Search code examples
pythonpython-3.xcsvlarge-files

What is an appropriate choice to store very large files with python? .csv files truncated data in certain cells


I'm writing a python script for the data acquisition phase of my project and so far I've been storing data in .csv files. While I was reading data from a particular .csv file, I got the error:

syntaxError: EOL while scanning string literal

I took a look at the specific row in the file and and the data in the specific cell were truncated. I am using pandas to store dicts to csv and it never threw an error. I guess .csv will save itself no matter what, even if that means it will delete data without any warning.

I thought of changing to .xls. When the same row was being stored, an error came up saying (something along the lines of):

Max character length reached. Max character length per cell was ~32k.
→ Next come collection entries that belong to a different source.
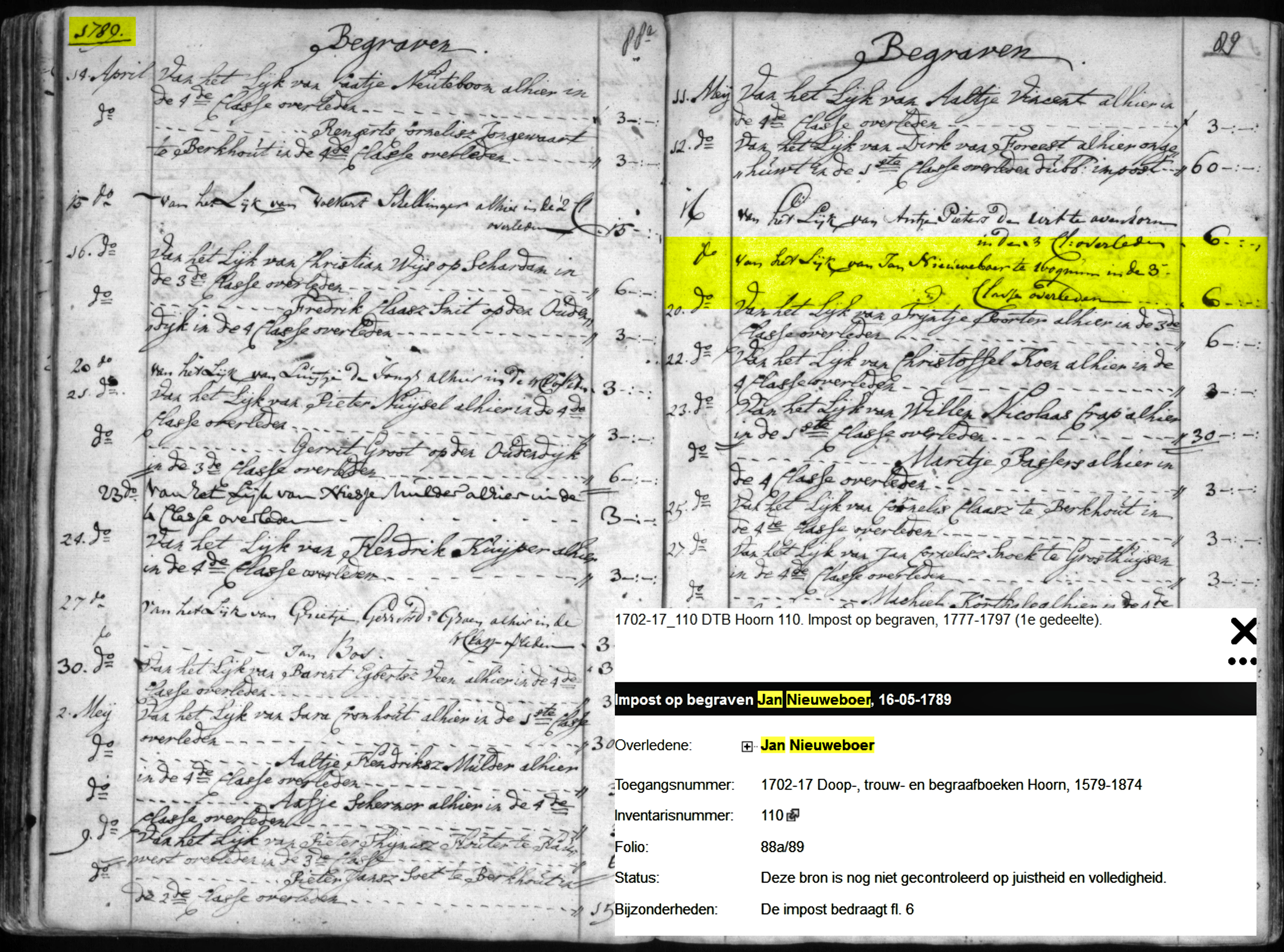 Overleden: 16-05-1789 Begraven 19-05-1789 te Wognum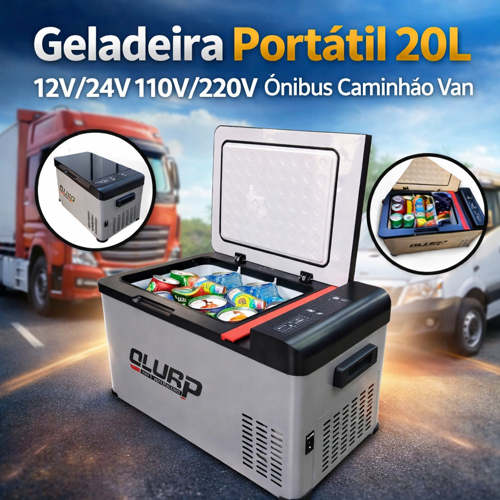 Com capacidade de 20 litros, essa geladeira portátil se destaca pela versatilidade de voltagem, funcionando perfeitamente em 12V e 24V para veículos como caminhões, ônibus e vans, além de 110V e 220V para uso em casa, hotéis ou pontos de apoio. Seu design compacto, aliado ao baixo consumo de energia e ao resfriamento eficiente, garante máximo desempenho sem comprometer a bateria do veículo.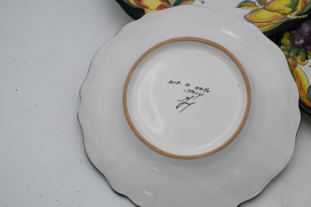 46 Piece Set of Italian Pottery, to include 8 goblets, 8 tea cups, 8 saucers, 8 salad plates, 8 dinner plates, 7 soup bowls, along with 3 serving pieces, some marked ‘Dip a Mano’ to the underside, dinner plate diameter 10 1/2 inches.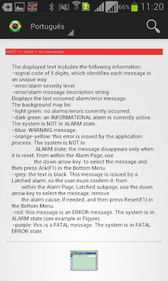 The aim of this application is to facilitate the maintenance staff, integrators and technical assistance to information of the alarm codes in C5G.

Then I thought that it may just be an excel/libreoffice calc issue (I tried both) and they can't visualize the data in cell but they are actually there. So I tried printing the specific cell; data were indeed truncated. The specific cell contains a dict, whose values are float, int, boolean or string. However, all of them have been converted to strings.

My question is, is there a way to fix it without changing the file format?

In the case that I have to change the file format, what would be an appropriate choice to store very large files? I am thinking about hdf5.

In case you need more info, do let me know. Thank you!


Solution

  • There is a limit to fields size:

    csv.field_size_limit([new_limit])
    Returns the current maximum field size allowed by the parser. 
    If new_limit is given, this becomes the new limit.
    

    On my system (Python 3.8.0), I get:

    >>> import csv
    >>> csv.field_size_limit()
    131072
    

    which is exactly 128 kB.

    You could try to set the limit higher:

     csv.field_size_limit(your_new_limit)
    

    But maybe a different file format would be more adapted depending on what kind of data you store.